SECTION 4.4 Exercise of Powers; Instructions of Required Secured
----------------------------------------------------
Parties. (a) All of the powers, remedies and rights of the Collateral Agent set
-------
forth in or contemplated by this Agreement may be exercised by the Collateral
Agent in respect of each Security Document as though set forth in full therein,
and all of the powers, remedies and rights of the Collateral Agent and the
Secured Parties as set forth in each Security Document may be exercised from
time to time as herein and therein provided. In the event of any inconsistency
between this Agreement and any other Security Document, the provisions of this
Agreement shall be controlling.
(b) Following the delivery of an Acceleration Notice to the Collateral
Agent, during any Default Period, the Required Secured Parties may deliver a
notice (any such notice, a "Notice of Action") to the Collateral Agent directing
----------------
the Collateral Agent to exercise one or more of the rights and remedies
available to the Collateral Agent under this Agreement and the other Security
Documents. The Collateral Agent shall deliver to each Secured Party a copy of
such Notice of Action promptly after receipt thereof.
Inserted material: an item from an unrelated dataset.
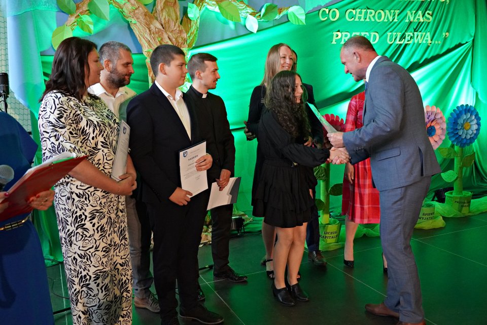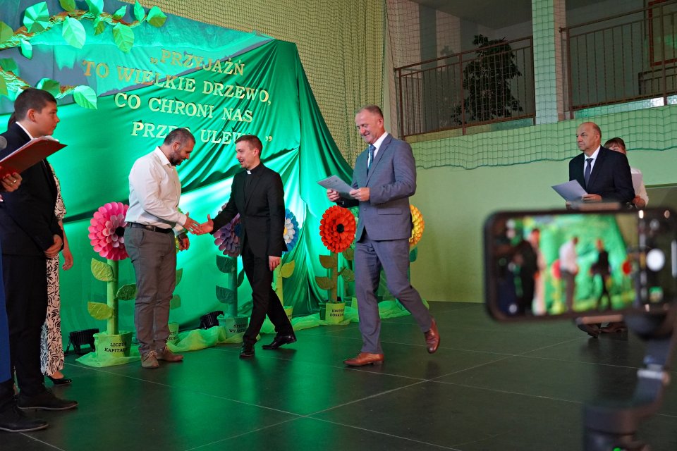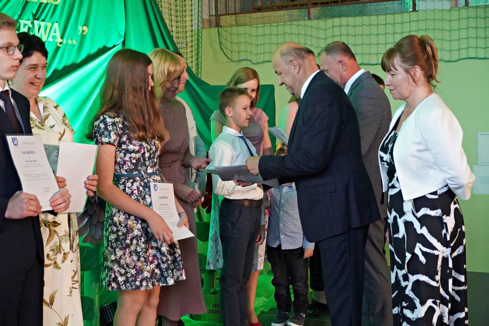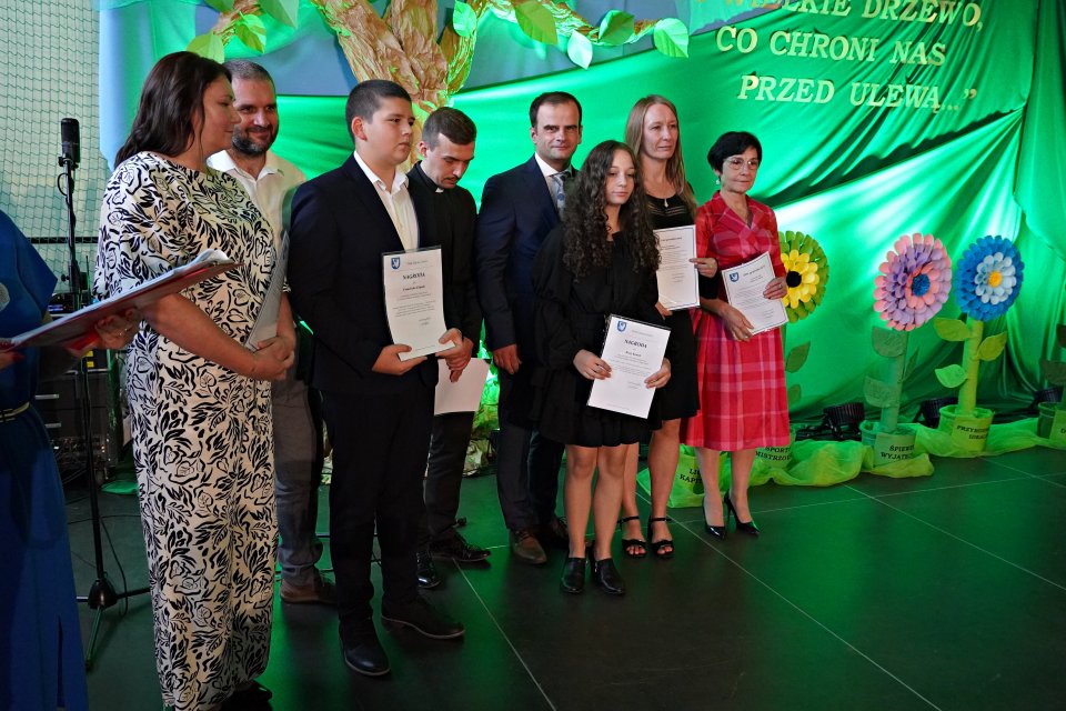 Gmina Gorlice już po raz dziewiąty nagrodziła wyróżniających się uczniów i po raz dziewiąty nasza szkoła mogła pochwalić się liczną reprezentacją. Uroczystość odbyła się we czwartek 13 czerwca br. w Zespole Szkolno-Przedszkolnym w Kwiatonowicach. Z rąk Jana Przybylskiego, wójta Gminy Gorlice, Mieczysława Skowrona, przewodniczącego Rady Gminy oraz Agaty Cup, dyrektora Oświatowego Zespołu Ekonomiczno-Administracyjnego nagrody odebrali uczniowie klasy ósmej: Franciszek Ciapaj - finalista konkursu biblijnego, Beata Kamyk – laureatka II miejsca konkursu historycznego, Krzysztof Kukla - finalista konkursu historycznego oraz Marcel Niziołek i Adam Wierzchanowski uczniowie klasy czwartej, Jagoda Bukowska uczennica klasy siódmej. Za wojewódzkie i powiatowe sukcesy sportowe nagrody odebrali: Filip Augustyn, Franciszek Ciapaj, Paweł Falisz, Wiktor Fejklowicz, Filip Kamiński, Gabriel Kucharczyk, Mateusz Kucharczyk, Marcin Uszko, Kacper Wilk, Gabriel Ryba, Bartłomiej Wadas, Wiktor Wantuch. Obok uczniów na estradzie stanęli dumni rodzice oraz ich merytoryczni opiekunowie: Małgorzata Stępień, ks. Michał Gądek oraz Ryszard Jamro.

The Collateral Agent
shall exercise the rights and remedies and take the other actions described in
such Notice of Action at the time or times specified in such Notice of Action.
15
(c) All Proceeds of Collateral received by the Collateral Agent from
the exercise of its rights and remedies under this Agreement and the other
Security Documents shall be applied as set forth in Section 4.14 of the Security
Deposit Agreement.
SECTION 4.5 Remedies Not Exclusive. (a) No remedy conferred upon
----------------------
or reserved to the Collateral Agent in the Security Documents is intended to be
exclusive of any other remedy or remedies, but every such remedy shall be
cumulative and shall be in addition to every other remedy conferred in any
Security Document or now or hereafter existing at law or in equity or by
statute.
(b) No delay or omission by the Collateral Agent to exercise any
right, remedy or power under any Security Document shall impair any such right,
remedy or power or shall be construed to be a waiver thereof, and every right,
power and remedy given by any Security Document to the Collateral Agent may be
exercised from time to time and as often as may be deemed expedient by the
Collateral Agent.
(c) If the Collateral Agent shall have proceeded to enforce any right,
remedy or power under any Security Document and the proceeding for the
enforcement thereof shall have been discontinued or abandoned for any reason or
shall have been determined adversely to the Collateral Agent, then the Loan
Parties, the Collateral Agent and the Secured Parties shall, subject to any
effect of or determination in such proceeding, severally and respectively be
restored to their former positions and rights hereunder or thereunder and in all
other respects, and thereafter all rights, remedies and powers of the Collateral
Agent shall continue as though no such proceeding had been taken.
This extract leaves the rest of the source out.